**Work required**:
Could you please output all of the records exactly?

**Source data**:
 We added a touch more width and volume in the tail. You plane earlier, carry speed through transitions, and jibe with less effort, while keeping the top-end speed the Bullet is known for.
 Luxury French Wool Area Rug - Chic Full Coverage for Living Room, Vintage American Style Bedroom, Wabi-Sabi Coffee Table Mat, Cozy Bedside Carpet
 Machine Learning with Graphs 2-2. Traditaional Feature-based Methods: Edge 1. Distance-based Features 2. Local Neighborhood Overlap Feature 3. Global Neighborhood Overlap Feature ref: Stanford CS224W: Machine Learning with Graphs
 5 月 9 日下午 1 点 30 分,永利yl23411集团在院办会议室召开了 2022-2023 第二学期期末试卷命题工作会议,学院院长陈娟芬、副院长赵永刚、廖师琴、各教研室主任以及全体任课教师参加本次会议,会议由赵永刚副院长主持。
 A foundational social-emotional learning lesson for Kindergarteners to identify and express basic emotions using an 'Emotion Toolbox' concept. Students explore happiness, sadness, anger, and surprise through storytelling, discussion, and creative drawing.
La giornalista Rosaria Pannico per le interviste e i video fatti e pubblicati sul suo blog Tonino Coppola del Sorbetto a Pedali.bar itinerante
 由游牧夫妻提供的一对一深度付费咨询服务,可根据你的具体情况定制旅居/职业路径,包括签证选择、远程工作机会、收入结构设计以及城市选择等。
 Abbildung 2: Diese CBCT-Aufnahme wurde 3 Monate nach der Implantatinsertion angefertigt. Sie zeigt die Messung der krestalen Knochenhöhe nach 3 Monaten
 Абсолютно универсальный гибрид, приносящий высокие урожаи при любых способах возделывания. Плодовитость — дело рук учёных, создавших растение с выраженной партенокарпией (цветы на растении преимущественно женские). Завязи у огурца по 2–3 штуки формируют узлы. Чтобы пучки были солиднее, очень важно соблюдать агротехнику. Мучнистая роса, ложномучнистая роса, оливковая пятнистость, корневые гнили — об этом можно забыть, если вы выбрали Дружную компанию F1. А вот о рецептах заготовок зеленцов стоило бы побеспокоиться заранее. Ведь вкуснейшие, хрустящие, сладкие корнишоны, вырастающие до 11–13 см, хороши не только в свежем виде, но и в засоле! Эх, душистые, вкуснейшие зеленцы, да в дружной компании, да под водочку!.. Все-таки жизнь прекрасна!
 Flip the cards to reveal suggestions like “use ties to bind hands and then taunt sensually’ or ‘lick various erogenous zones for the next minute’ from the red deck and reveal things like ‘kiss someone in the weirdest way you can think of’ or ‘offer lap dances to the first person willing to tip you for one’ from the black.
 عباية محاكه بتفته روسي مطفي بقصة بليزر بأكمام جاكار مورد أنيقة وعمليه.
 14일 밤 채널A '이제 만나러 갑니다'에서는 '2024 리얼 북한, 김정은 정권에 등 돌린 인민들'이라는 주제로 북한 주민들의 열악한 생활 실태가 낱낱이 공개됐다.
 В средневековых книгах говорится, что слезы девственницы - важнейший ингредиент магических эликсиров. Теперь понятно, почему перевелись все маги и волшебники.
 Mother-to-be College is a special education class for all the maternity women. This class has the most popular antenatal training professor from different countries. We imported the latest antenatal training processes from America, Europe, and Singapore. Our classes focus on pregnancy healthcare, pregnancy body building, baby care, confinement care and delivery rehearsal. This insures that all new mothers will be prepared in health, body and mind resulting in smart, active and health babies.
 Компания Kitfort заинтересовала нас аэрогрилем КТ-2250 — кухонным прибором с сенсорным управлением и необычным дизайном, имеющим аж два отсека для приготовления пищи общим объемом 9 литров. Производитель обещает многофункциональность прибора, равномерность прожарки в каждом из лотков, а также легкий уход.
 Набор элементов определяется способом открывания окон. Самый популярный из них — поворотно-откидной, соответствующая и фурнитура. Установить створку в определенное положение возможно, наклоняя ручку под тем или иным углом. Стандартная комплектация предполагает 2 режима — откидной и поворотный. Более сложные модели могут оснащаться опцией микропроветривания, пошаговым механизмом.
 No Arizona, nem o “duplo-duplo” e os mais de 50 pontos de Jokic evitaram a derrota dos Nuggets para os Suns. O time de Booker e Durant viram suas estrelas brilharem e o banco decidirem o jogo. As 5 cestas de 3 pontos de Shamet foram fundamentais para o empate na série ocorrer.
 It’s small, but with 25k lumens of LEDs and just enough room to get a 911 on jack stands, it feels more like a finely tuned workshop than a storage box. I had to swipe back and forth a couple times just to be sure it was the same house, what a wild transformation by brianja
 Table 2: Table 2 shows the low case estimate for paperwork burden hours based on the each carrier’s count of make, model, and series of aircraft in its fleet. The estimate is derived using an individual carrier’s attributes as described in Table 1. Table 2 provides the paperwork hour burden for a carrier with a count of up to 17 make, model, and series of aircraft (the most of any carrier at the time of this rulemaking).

**Worked solution**:
 We added a touch more width and volume in the tail. You plane earlier, carry speed through transitions, and jibe with less effort, while keeping the top-end speed the Bullet is known for.
 Luxury French Wool Area Rug - Chic Full Coverage for Living Room, Vintage American Style Bedroom, Wabi-Sabi Coffee Table Mat, Cozy Bedside Carpet
 Machine Learning with Graphs 2-2. Traditaional Feature-based Methods: Edge 1. Distance-based Features 2. Local Neighborhood Overlap Feature 3. Global Neighborhood Overlap Feature ref: Stanford CS224W: Machine Learning with Graphs
 5 月 9 日下午 1 点 30 分,永利yl23411集团在院办会议室召开了 2022-2023 第二学期期末试卷命题工作会议,学院院长陈娟芬、副院长赵永刚、廖师琴、各教研室主任以及全体任课教师参加本次会议,会议由赵永刚副院长主持。
 A foundational social-emotional learning lesson for Kindergarteners to identify and express basic emotions using an 'Emotion Toolbox' concept. Students explore happiness, sadness, anger, and surprise through storytelling, discussion, and creative drawing.
La giornalista Rosaria Pannico per le interviste e i video fatti e pubblicati sul suo blog Tonino Coppola del Sorbetto a Pedali.bar itinerante
 由游牧夫妻提供的一对一深度付费咨询服务,可根据你的具体情况定制旅居/职业路径,包括签证选择、远程工作机会、收入结构设计以及城市选择等。
 Abbildung 2: Diese CBCT-Aufnahme wurde 3 Monate nach der Implantatinsertion angefertigt. Sie zeigt die Messung der krestalen Knochenhöhe nach 3 Monaten
 Абсолютно универсальный гибрид, приносящий высокие урожаи при любых способах возделывания. Плодовитость — дело рук учёных, создавших растение с выраженной партенокарпией (цветы на растении преимущественно женские). Завязи у огурца по 2–3 штуки формируют узлы. Чтобы пучки были солиднее, очень важно соблюдать агротехнику. Мучнистая роса, ложномучнистая роса, оливковая пятнистость, корневые гнили — об этом можно забыть, если вы выбрали Дружную компанию F1. А вот о рецептах заготовок зеленцов стоило бы побеспокоиться заранее. Ведь вкуснейшие, хрустящие, сладкие корнишоны, вырастающие до 11–13 см, хороши не только в свежем виде, но и в засоле! Эх, душистые, вкуснейшие зеленцы, да в дружной компании, да под водочку!.. Все-таки жизнь прекрасна!
 Flip the cards to reveal suggestions like “use ties to bind hands and then taunt sensually’ or ‘lick various erogenous zones for the next minute’ from the red deck and reveal things like ‘kiss someone in the weirdest way you can think of’ or ‘offer lap dances to the first person willing to tip you for one’ from the black.
 عباية محاكه بتفته روسي مطفي بقصة بليزر بأكمام جاكار مورد أنيقة وعمليه.
 14일 밤 채널A '이제 만나러 갑니다'에서는 '2024 리얼 북한, 김정은 정권에 등 돌린 인민들'이라는 주제로 북한 주민들의 열악한 생활 실태가 낱낱이 공개됐다.
 В средневековых книгах говорится, что слезы девственницы - важнейший ингредиент магических эликсиров. Теперь понятно, почему перевелись все маги и волшебники.
 Mother-to-be College is a special education class for all the maternity women. This class has the most popular antenatal training professor from different countries. We imported the latest antenatal training processes from America, Europe, and Singapore. Our classes focus on pregnancy healthcare, pregnancy body building, baby care, confinement care and delivery rehearsal. This insures that all new mothers will be prepared in health, body and mind resulting in smart, active and health babies.
 Компания Kitfort заинтересовала нас аэрогрилем КТ-2250 — кухонным прибором с сенсорным управлением и необычным дизайном, имеющим аж два отсека для приготовления пищи общим объемом 9 литров. Производитель обещает многофункциональность прибора, равномерность прожарки в каждом из лотков, а также легкий уход.
 Набор элементов определяется способом открывания окон. Самый популярный из них — поворотно-откидной, соответствующая и фурнитура. Установить створку в определенное положение возможно, наклоняя ручку под тем или иным углом. Стандартная комплектация предполагает 2 режима — откидной и поворотный. Более сложные модели могут оснащаться опцией микропроветривания, пошаговым механизмом.
 No Arizona, nem o “duplo-duplo” e os mais de 50 pontos de Jokic evitaram a derrota dos Nuggets para os Suns. O time de Booker e Durant viram suas estrelas brilharem e o banco decidirem o jogo. As 5 cestas de 3 pontos de Shamet foram fundamentais para o empate na série ocorrer.
 It’s small, but with 25k lumens of LEDs and just enough room to get a 911 on jack stands, it feels more like a finely tuned workshop than a storage box. I had to swipe back and forth a couple times just to be sure it was the same house, what a wild transformation by brianja
 Table 2: Table 2 shows the low case estimate for paperwork burden hours based on the each carrier’s count of make, model, and series of aircraft in its fleet. The estimate is derived using an individual carrier’s attributes as described in Table 1. Table 2 provides the paperwork hour burden for a carrier with a count of up to 17 make, model, and series of aircraft (the most of any carrier at the time of this rulemaking).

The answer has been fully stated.